------ Dataset entries
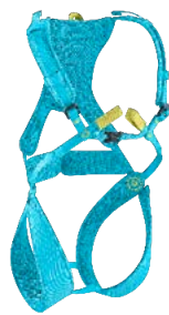
74908 Fraggle III
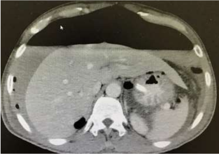
Figure 3: CT Scan was 2 days after omental Graham patch operation, showing massive hydro pneumoperitoneum
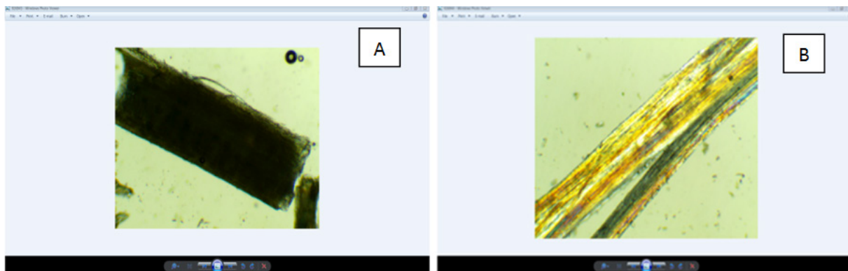
Figure 4 Longitudinal view under scanning electron microscope. A) un softened B) softened fiber. In fig4b Due to softening the palm leaf sheath fiber got a cylindrical shape.

Figure 4 revealed softening the palm leaf sheath fibers improved fiber orientation and changed the random oriented of the fibers. In Figure 4A the fiber seems more amorphous. After softening Figure 4B the fibers were oriented and due to the orientation of the fibers the fiber cross-section became cylindrical.
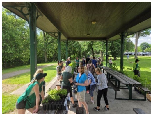
10am and half the plants were sold!

This was a wholly native plant sale held on the grounds of Dundurn Castle in Hamilton. HMGs sourced all the plants from Verbinnen's, a wholesale native plant nursery just outside of Hamilton. The sale was hectic. Half the plants were sold within the first hour—then things heated up again at the end.
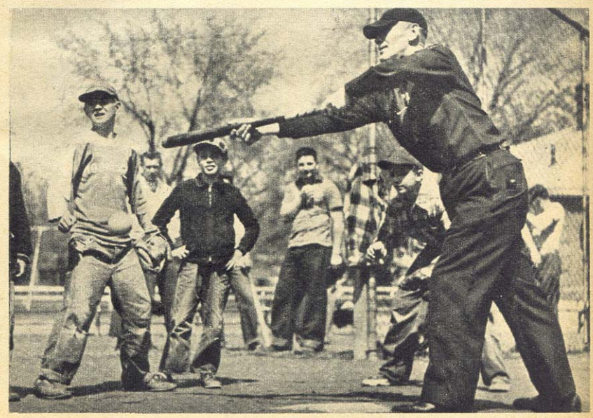
Nearly every officer participates in activities for Springfield children. The big event is an annual Christmas party, complete with presents and Santa Claus.
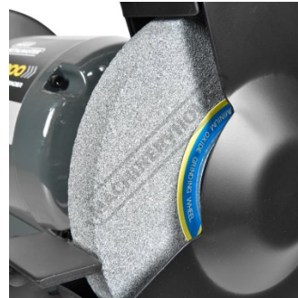
Coarse Aluminium Oxide Grinding Wheel
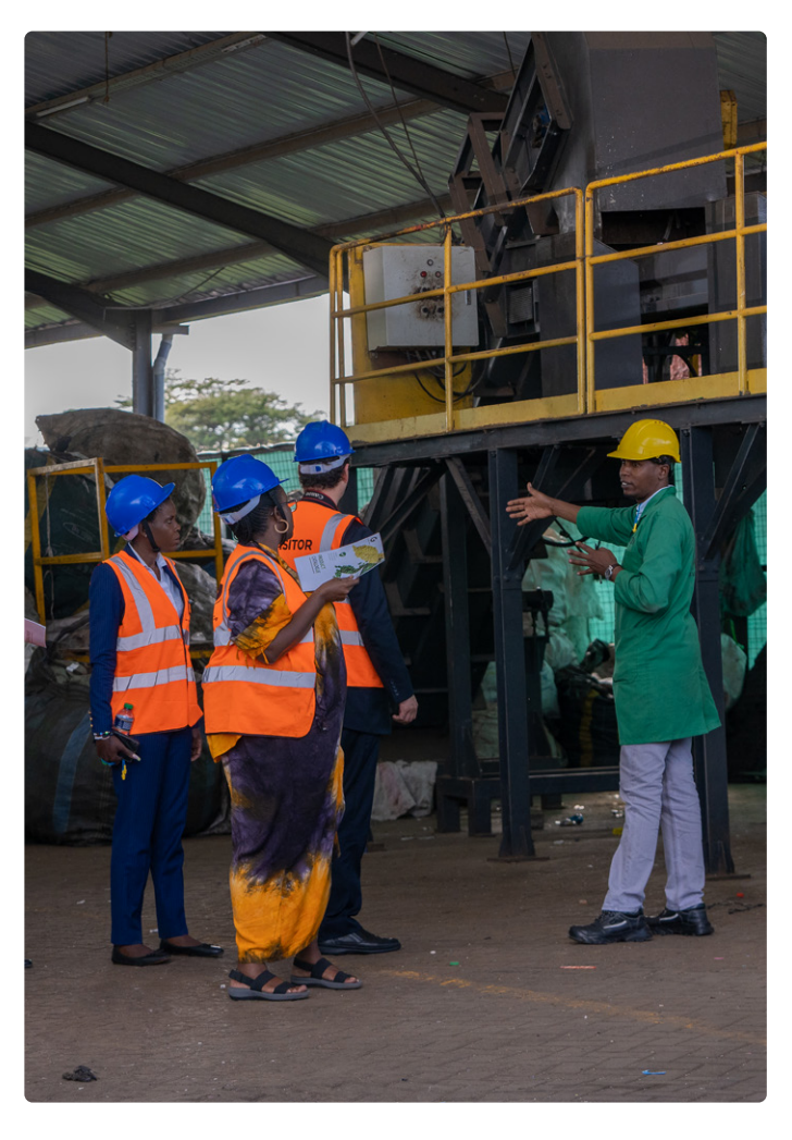
Mr. Green Africa staff explaining the process to workshop attendees

legislators recognized However, the that Gjenge Makers have made significant strides in their recycling efforts, and they are creating a positive impact in the community. The team also appreciated the unique products that Gjenge Makers is creating from plastic waste and recognized their potential to become a major player in the industry, especially as product lines develop. While there is certainly room for improvement in terms of worker safety and plant ventilation, the team recognized the efforts of Gjenge Makers and encouraged them to continue pushing forward to establish partnerships in their mission to create sustainable solutions for plastic waste, especially with government support for their innovation.
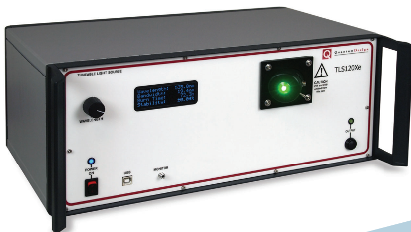
TLS120Xe with manual front panel controls active.
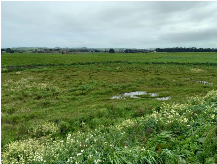
Southern Portion of 45a Constable Road
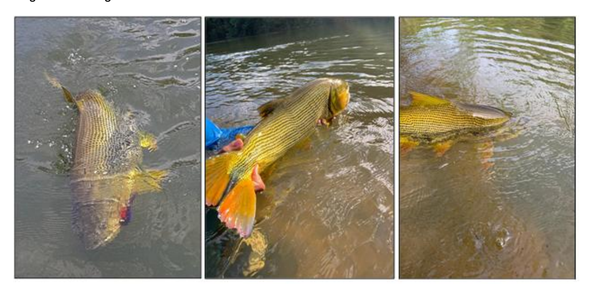
Fig. 3. Images of the capture and release of specimens of Salminus brasiliensis in the locations where the interviews were conducted from 2018 to 2020 in Mato Grosso, Brazil Photographic record of the capture (image on the left), acclimatization of S. brasiliensis on the riverbed (central image) and release of the salmininae specimen back to the river (image on the right).

In order to verify and analyze the sport fishing modality practiced in the rivers of Mato Grosso/Brazil, near the banks of the Manso, Cuiabá and Paraguay rivers, 122 individuals involved in fishing were interviewed, who were available to participate in the research, 37 of which were sport fishermen (30.3%), 22 artisanal fishermen (18.1%) and 63 fishing guides (51.6%). Among the fishing guides (n=63); 52 of them also carried out artisanal fishing (82.5%) and the remaining 11 individuals work only in the activity of guides (17.5%) (Graphic 1).
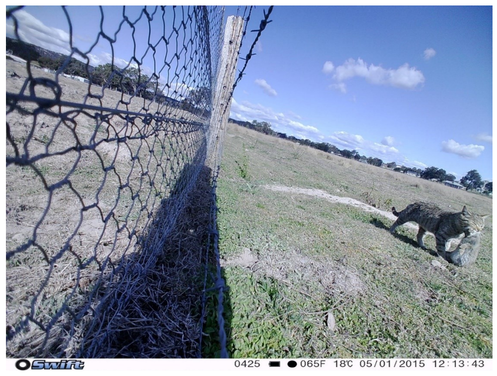
Figure 14 Ground predation of rabbits

Cooke, BD. Brennan, M & Elsworth, P 2018, Ability of wild rabbit, Oryctolagus cuniculus , to lactate successfully in hot environments explains continued spread in Australia's monsoonal north, Wildlife Research , 45: 267-273.
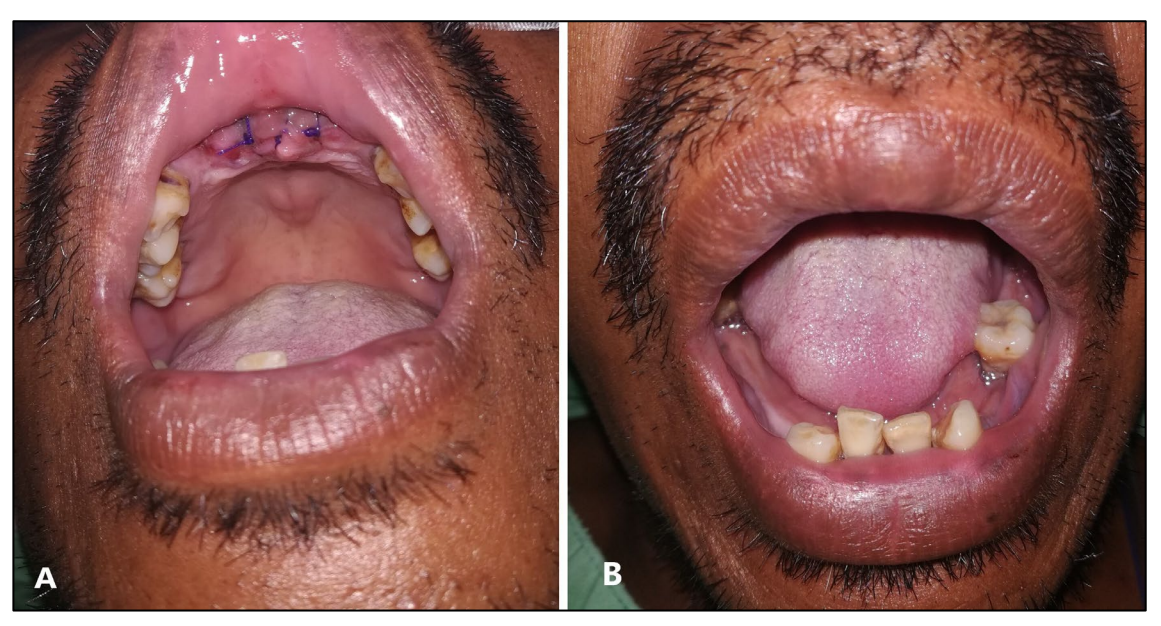
Figure 4 Poor dental hygiene with accidental extrusion of upper 3 incisors (A) and multiple loosening of lower 4 incisors (B)
------------
Problem to solve: Copy the lines above between the one holding "Coarse Aluminium Oxide Grinding Wheel" and the one holding "Mr. Green Africa", inclusive. Drop the pictures.

Output of the exercise:
Coarse Aluminium Oxide Grinding Wheel
Mr. Green Africa staff explaining the process to workshop attendees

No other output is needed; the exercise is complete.